Laat mij even terugkomen op de eigenheid van de studentenjob. Mevrouw de minister heeft daarnaar verwezen. Mijnheer Calvo, aan dit wetsontwerp is al vier jaar gewerkt. Er zijn verscheidene wetsvoorstellen van verscheidene parlementsleden die studies hebben doorworsteld en de sectoren hebben geconsulteerd. Zowel de vakbonden, de werkgevers als de jobdiensten waarnaar N-VA ook heeft verwezen, zijn geconsulteerd. Wederom, wanneer het Parlement tracht om met een genuanceerd compromis naar buiten te komen om de zaak vooruit te helpen, zie ik vanuit uw fractie een njet. Er is alleen maar gevaar, er is duisternis, ocharme de arme werklozen. Mijnheer Calvo, voor de uren waarop studenten tewerkgesteld worden, vindt u niemand anders.
Translated text
I would, however, like to refer to a ⁇ flawed connection of Mrs. De Block with the students of today, Mr. Calvo. Of course, you are much closer to that. Only one can ask whether a lack of previous work experience can sometimes also not lead to painful moments in the main activity later.

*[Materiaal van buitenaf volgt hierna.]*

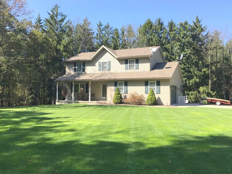 Immaculate house located on ideal lot! Enjoy nature & serenity at this wooded location, yet only minutes from Routes 61 & I78. This like-new house is great for entertaining, not only because of its open floor concept but also for outside entertaining on its 2 tier deck which leads to an above ground pool. The gorgeous custom kitchen has 36 handles, island, snack bar area, large pantry, recessed lighting, along with under cabinetry lighting. Stainless steel appliances, along with a wine cooler are other highlights of the kitchen. The first level also has a laundry room and half bath. The 2nd floor consists of 3 spacious bedrooms, along with 2 full baths. Each bath has double vanities. The master bath has a soaking tub, along with a walk-in shower. Very economical heating since the house not only has a heat pump, but also runs on propane gas furnace for those cold winter months. The walk-out basement would be ideal for a finished rec room and would be easy finishing with the Superior Wall foundation. The exterior of the house is completely maintenance free with a conrete front porch and Trex decking and PVC railing on the rear deck.

Let me go back to the particularity of the student job. The Minister referred to this. Mr. Calvo, this bill has been working on for four years. There are several legislative proposals from several MPs who have done studies and consulted the sectors. Both the trade unions, the employers and the employment services to which N-VA also referred have been consulted. Again, when the Parliament tries to come out with a nuanced compromise to help the matter move forward, I see a nnt from your group. There is only danger, there is darkness, ocharme the poor unemployed. Mr. Calvo, for the hours in which students are employed, you will find no other.
#88
Official text
Ik wil nog even reageren op wat de heer Calvo zegt. Ik heb helemaal geen contacten met werkgevers. Jaren aan een stuk heb ik gewerkt met studenten: met, voor en door hen heb ik vele jaren gezocht naar mogelijkheden om hen een job te geven. Met werkgevers heb ik op dit vlak helemaal niks te maken.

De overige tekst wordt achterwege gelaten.